Surface-order large deviation is a remarkable phenomena that arises in two dimensional spin systems. Consider a $\sqrt{n}\times \sqrt{n}$ square lattice with the set of edges $E$ and the Ising ferromagnetic hamiltonian: $H=-\sum_{(i,j)\in E}\sigma^z_i\sigma^z_j$ ($\sigma^z$ is the `Z' Pauli matrix). The Gibbs distribution of the hamiltonian is $e^{-\beta H}$ (up to normalization). If there is no boundary condition imposed, the expected value of magnetization $M=\sum_i \sigma^z_i$ is $0$, since flipping all the spins in any spin configuration does not change the energy, but changes the value of magnetization from $m$ to $-m$. If the inverse temperature $\beta$ is smaller than a critical value $\beta_c$, the probability (under the Gibbs distribution) that magnetization is larger than $n\varepsilon$ decays exponentially in $n$, similar to the i.i.d. random variables.
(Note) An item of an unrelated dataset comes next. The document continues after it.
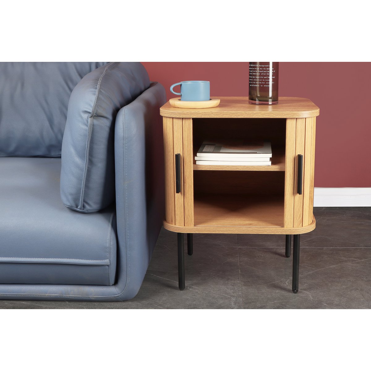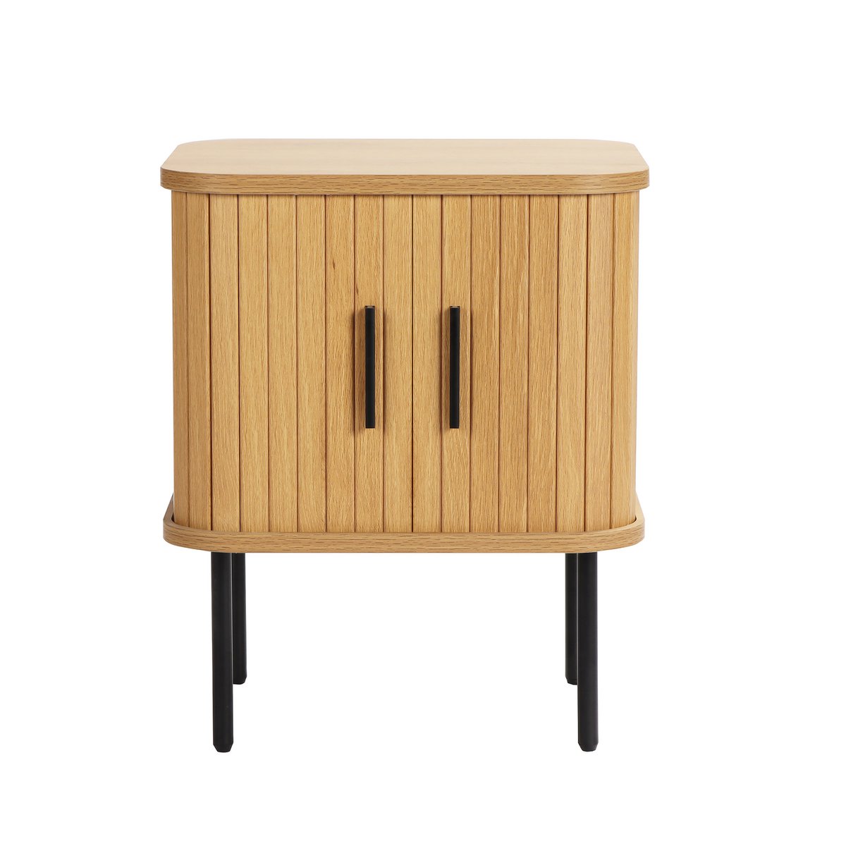 Deze nacht combineert dressoir Scandinavisch ontwerp met functionele elegantie. Gemaakt in natuurlijke eikenkleur, past het perfect in moderne slaapkamers en biedt praktische opslagruimte voor uw persoonlijke objecten. Met poedercoated metalen benen en een front in moderne lamella -look, is het niet alleen functioneel, maar ook een decoratief hoogtepunt. Het nachtelijke dressoir is gemaakt van een robuuste melamineplaat in natuurlijke eikenkleur, die zorgt voor een warm en uitnodigend charisma. De poedercoated metalen benen in het zwart bieden stabiliteit en zetten een modern accent. Zwarte handgrepen op de schuifdeuren onderstrepen het minimalistische en elegante ontwerp. Achter de twee schuifdeuren is een ruime opslagruimte met een praktische vloer die ruimte biedt voor al uw persoonlijke items. Of het nu boeken, kleding of andere alledaagse dingen zijn – hier vindt u de ideale plek voor alles wat u binnen handbereik wilt hebben. Het latfront zorgt voor een moderne structuur en een aantrekkelijke oogstadder. Geïnspireerd door de Scandinavische meubelstijl, overtuigt de nachttabel met zijn duidelijke ontwerptaal en functionele details. De combinatie van natuurlijke houten toon, minimalistisch ontwerp en moderne accenten maakt je een veelzijdig meubelstuk voor elke slaapkamer. Met zijn compacte maat is deze nacht dressoir perfect als zijmeubilair naast het bed, in de gang of in de woonkamer. Het biedt niet alleen opslagruimte, maar ook een stijlvolle manier om uw slaapkamer of andere kamers elegant aan te vullen. De nachtkast van laden in natuurlijke eiken kleur met zwarte metalen poten en moderne latfront is de perfecte keuze voor iedereen die Scandinavisch ontwerp en praktische functionaliteit waardeert. Uw tijdloze look en goed doordachte opslagruimte -oplossing maakt u een onmisbaar meubelstuk voor uw huis. 1 verdieping achter de deuren, handgreep kleur: zwart, handgreepmateriaal: aluminium, hoogte voeten: 20 cm, voeten metaalpoeder -gecoat

But for $\beta>\beta_c$, there is a constant $q$, such that the probability that the magnetization is larger than $nq$ decays as $e^{-O(\sqrt{n})}$, which is significantly larger than $e^{-O(n)}$. The source of this behaviour is that if we set the boundary spins to all $1$'s (which has probability $e^{-O(\text{number of boundary spins})}=e^{-O(\sqrt{n})}$), the expected magnetization within the system jumps from $0$ to a value larger than $nq$. Two excellent references on the topic are this and this
Question: Does surface order large deviation persist for $\beta>\beta_c$, when an external magnetic field is present? More precisely, consider the hamiltonian $H=-\sum_{(i,j)\in E}\sigma^z_i\sigma^z_j - h\sum_i \sigma^z_i$ with $h>0$ and the Gibbs state $e^{-\beta H}$ (up to normalization). Let the expected magnetization be $\langle M\rangle$. Is there a constant magnetic field strengh $h$ (constant means there is no dependence on $n$) and a constant $q$, such that the probability that the magnetization exceeds $\langle M\rangle + qn$ is $e^{-O(\sqrt{n})}$?